ACTIVITY:
Only one portion of the data is to be written out: from the line bearing "Jolie, glamour et" through the line bearing "圖11中熟(a)和熟(b)冬棗保質(zhì)期的SSC可視化圖". Write it exactly as it appears.

══ RECORDS ══

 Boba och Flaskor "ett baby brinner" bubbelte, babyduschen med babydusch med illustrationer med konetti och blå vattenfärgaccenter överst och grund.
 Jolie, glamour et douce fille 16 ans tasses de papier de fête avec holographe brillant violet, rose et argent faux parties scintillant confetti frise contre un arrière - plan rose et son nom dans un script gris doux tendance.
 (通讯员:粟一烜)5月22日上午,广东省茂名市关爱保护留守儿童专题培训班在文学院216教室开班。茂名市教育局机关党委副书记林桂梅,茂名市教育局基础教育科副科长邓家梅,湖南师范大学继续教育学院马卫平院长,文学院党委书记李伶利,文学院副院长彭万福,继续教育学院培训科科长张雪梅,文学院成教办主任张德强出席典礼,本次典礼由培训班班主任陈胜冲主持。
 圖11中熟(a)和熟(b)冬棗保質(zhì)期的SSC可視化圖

═══
══ RECORDS ══

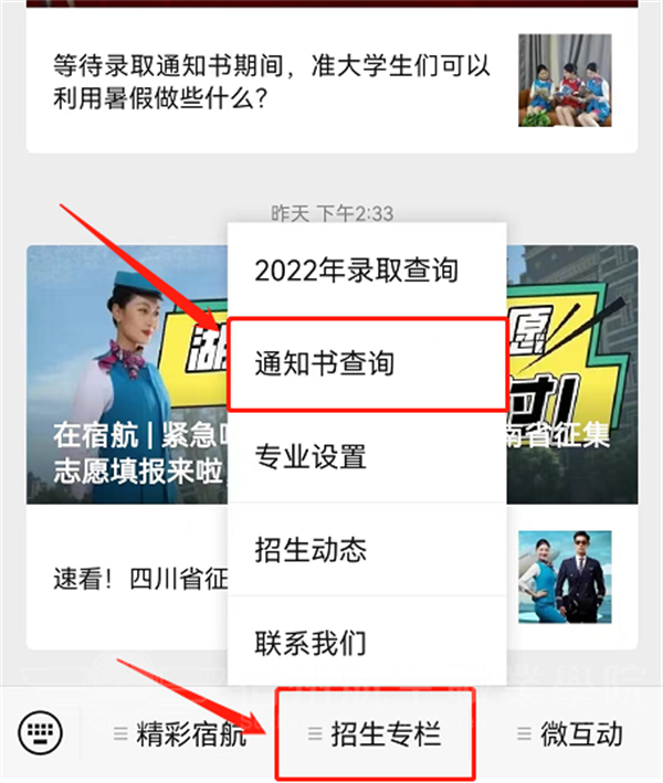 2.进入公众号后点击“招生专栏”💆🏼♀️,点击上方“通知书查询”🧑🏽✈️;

═══

EXPECTED ANSWER:
 Jolie, glamour et douce fille 16 ans tasses de papier de fête avec holographe brillant violet, rose et argent faux parties scintillant confetti frise contre un arrière - plan rose et son nom dans un script gris doux tendance.
 (通讯员:粟一烜)5月22日上午,广东省茂名市关爱保护留守儿童专题培训班在文学院216教室开班。茂名市教育局机关党委副书记林桂梅,茂名市教育局基础教育科副科长邓家梅,湖南师范大学继续教育学院马卫平院长,文学院党委书记李伶利,文学院副院长彭万福,继续教育学院培训科科长张雪梅,文学院成教办主任张德强出席典礼,本次典礼由培训班班主任陈胜冲主持。
 圖11中熟(a)和熟(b)冬棗保質(zhì)期的SSC可視化圖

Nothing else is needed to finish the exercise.